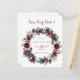 Rustique moderne élégant mariage d'hiver élégant à prix abordable enregistrer le modèle date sur un arrière - plan blanc simple avec une couronne d'aquarelle de roses bordeaux et blancs de pivoine, pics saisonniers de pin vert de pin, branches de sapin, baies rouges et feuillage. +++++++++++ La carte est adaptée aux élégants mariages de Noël rustiques modernes d'hiver. +++++++++++ VEUILLEZ LIRE CECI AVANT D'ACHETER ! Il s'agit d'une carte de mariage abordable et économique imprimée sur une feuille papier (chaque feuille comporte une carte). ++++ Pour un rapport qualité-prix optimal, notre conseil est de choisir le type de papier Semi-Gloss (il est assez épais pour être utilisé pour la papeterie) ++++ Si vous avez besoin d'enveloppes, choisissez l'OPTION ENVELOPE. +++ Vérifiez toutes les informations et l'orthographe de votre texte car vous recevrez exactement ce que vous voyez - personne d'autre ne vérifiera quoi que ce soit avant l'impression. ++++ Cette carte est conçue pour la taille 4,5" x 5,6". Dans le coque vous choisissez une autre taille de la carte et le texte sort de la page, tout doit être corrigé avant d'ajouter le produit au panier. Demandez de l'aide au service Live Design.
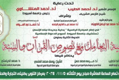 تكملة لفعليات سلسلة ندوات الدعوة الإسلامية التي تنظمها جامعة أسيوط بالتعاون مع الأزهر الشريف الندوة الثانية بعنوان " منهجية التعامل مع نصوص القرآن والسنة "
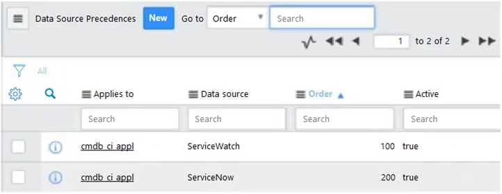 Assuming Reconciliation Rules (Reconciliation Definitions) were configured exactly the same for both Data Sources, ServiceNow and ServiceWatch, for the Application [cmdb_ci_appl] table and the following Data Source Precedence Rules are configured. Which one of the following is true?
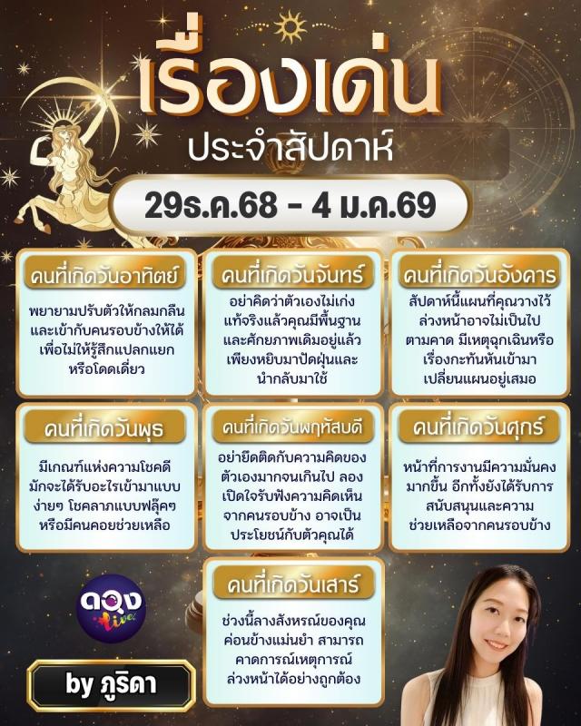 เรื่องเด่นประเด็นเด็ดประจำสัปดาห์ ประจำวันที่ 29 ธันวาคม 2568 – 4 มกราคม 2569โดย ภูริดา
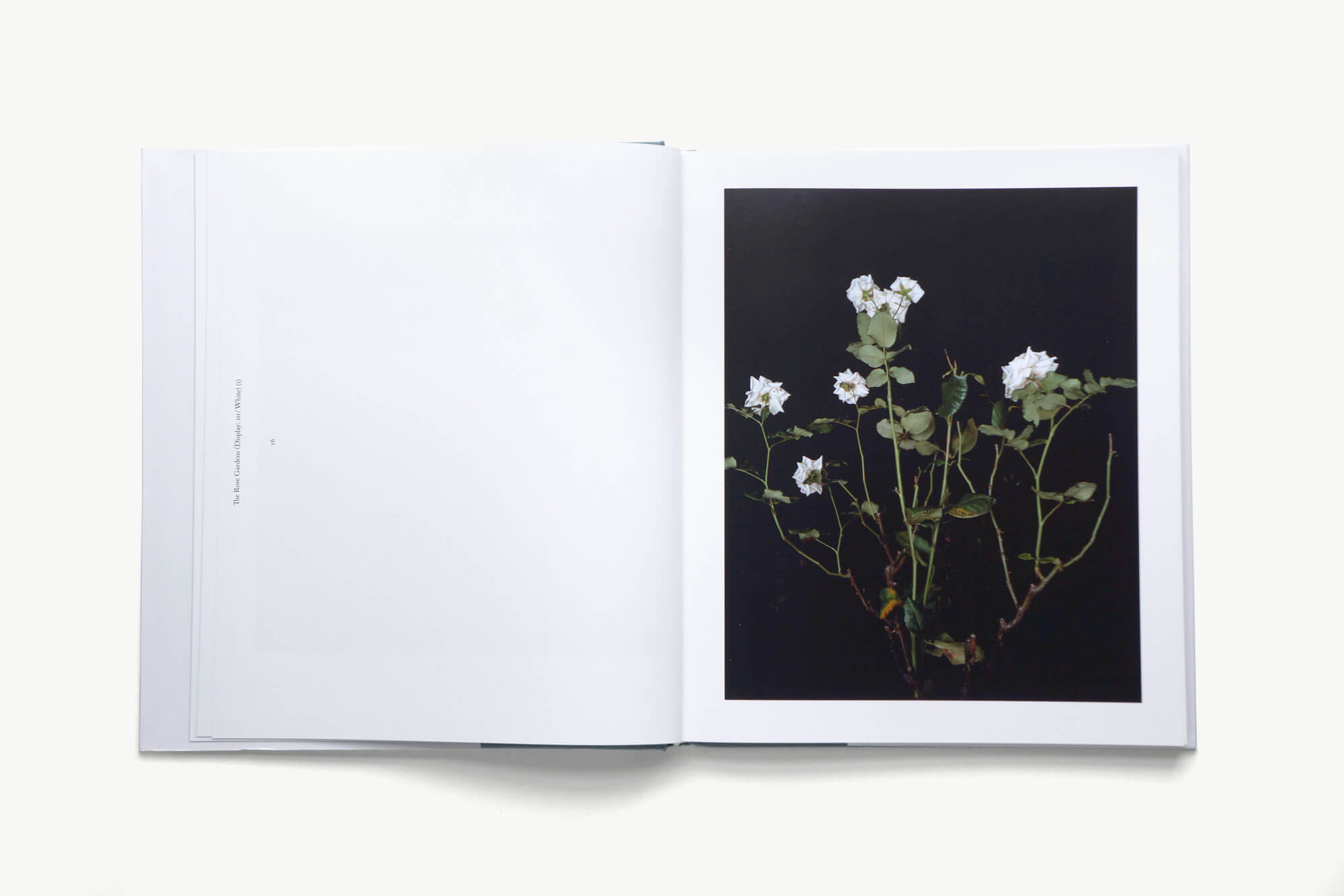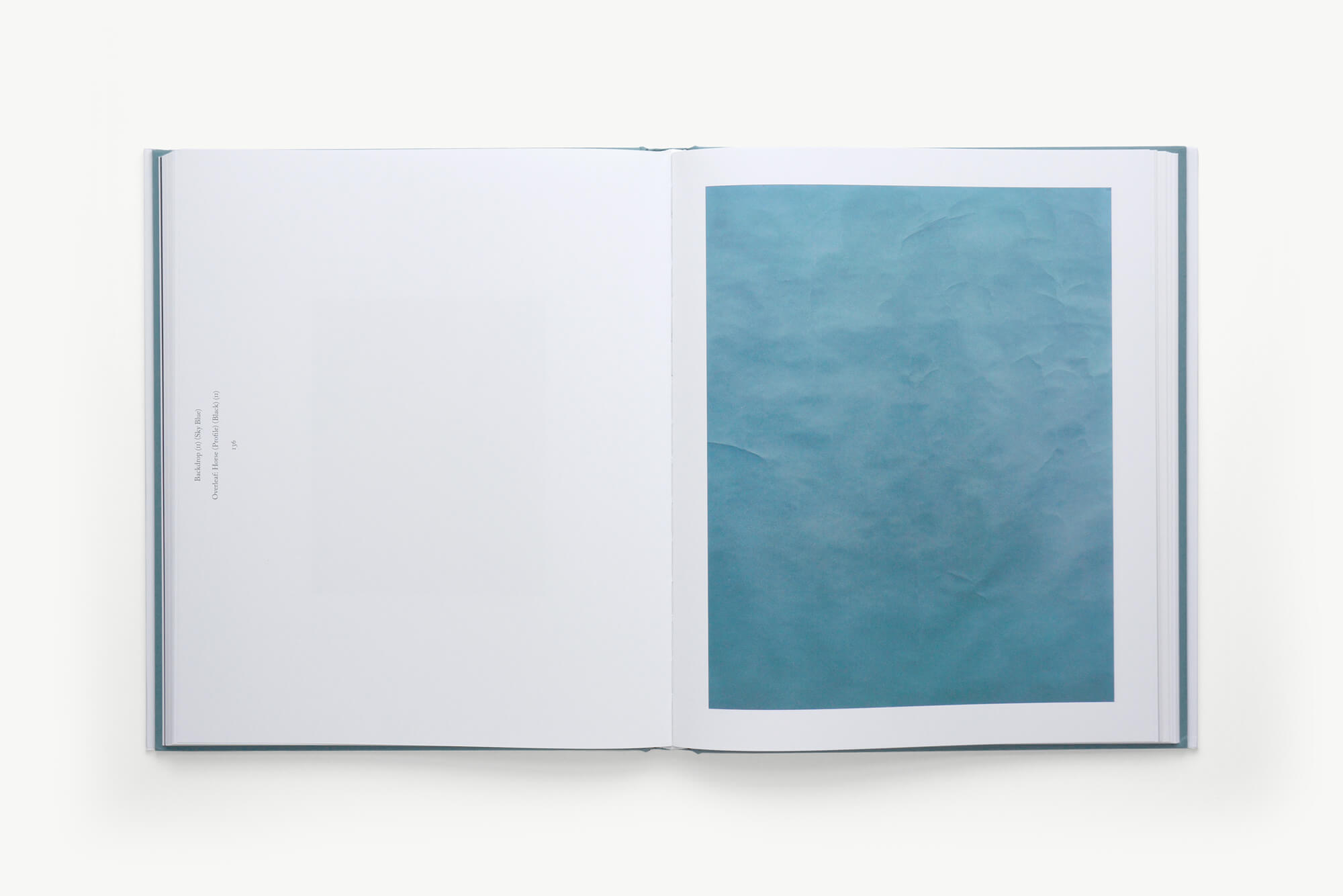 At the end of the book all works are shown at the same scale in relation to one another in a catalogue section. Here all text and images are at 90 degrees to allow increased space for collections to be shown together. This also retrospectively endorses the perpendicularly positioned captions.
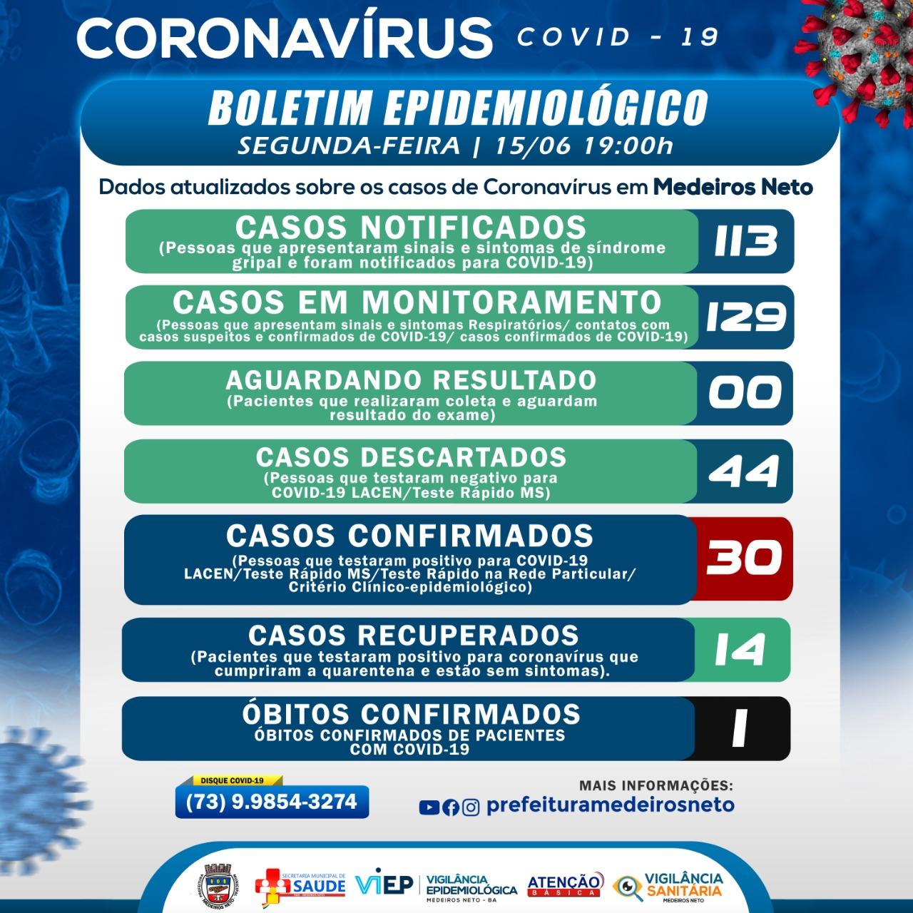 Medeiros Neto registrou nesta segunda-feira, 15 de junho, 15 novos casos de covid-19 no município. A informação consta no boletim epidemiológico e indica que o total acumulado chega a 30 casos confirmados.

● ● ●

◆ WORK ITEM:
With the pictures dropped, write out all of the entries word for word.

◆ RESULT:
 Rustique moderne élégant mariage d'hiver élégant à prix abordable enregistrer le modèle date sur un arrière - plan blanc simple avec une couronne d'aquarelle de roses bordeaux et blancs de pivoine, pics saisonniers de pin vert de pin, branches de sapin, baies rouges et feuillage. +++++++++++ La carte est adaptée aux élégants mariages de Noël rustiques modernes d'hiver. +++++++++++ VEUILLEZ LIRE CECI AVANT D'ACHETER ! Il s'agit d'une carte de mariage abordable et économique imprimée sur une feuille papier (chaque feuille comporte une carte). ++++ Pour un rapport qualité-prix optimal, notre conseil est de choisir le type de papier Semi-Gloss (il est assez épais pour être utilisé pour la papeterie) ++++ Si vous avez besoin d'enveloppes, choisissez l'OPTION ENVELOPE. +++ Vérifiez toutes les informations et l'orthographe de votre texte car vous recevrez exactement ce que vous voyez - personne d'autre ne vérifiera quoi que ce soit avant l'impression. ++++ Cette carte est conçue pour la taille 4,5" x 5,6". Dans le coque vous choisissez une autre taille de la carte et le texte sort de la page, tout doit être corrigé avant d'ajouter le produit au panier. Demandez de l'aide au service Live Design.
 تكملة لفعليات سلسلة ندوات الدعوة الإسلامية التي تنظمها جامعة أسيوط بالتعاون مع الأزهر الشريف الندوة الثانية بعنوان " منهجية التعامل مع نصوص القرآن والسنة "
 Assuming Reconciliation Rules (Reconciliation Definitions) were configured exactly the same for both Data Sources, ServiceNow and ServiceWatch, for the Application [cmdb_ci_appl] table and the following Data Source Precedence Rules are configured. Which one of the following is true?
 เรื่องเด่นประเด็นเด็ดประจำสัปดาห์ ประจำวันที่ 29 ธันวาคม 2568 – 4 มกราคม 2569โดย ภูริดา
 At the end of the book all works are shown at the same scale in relation to one another in a catalogue section. Here all text and images are at 90 degrees to allow increased space for collections to be shown together. This also retrospectively endorses the perpendicularly positioned captions.
 Medeiros Neto registrou nesta segunda-feira, 15 de junho, 15 novos casos de covid-19 no município. A informação consta no boletim epidemiológico e indica que o total acumulado chega a 30 casos confirmados.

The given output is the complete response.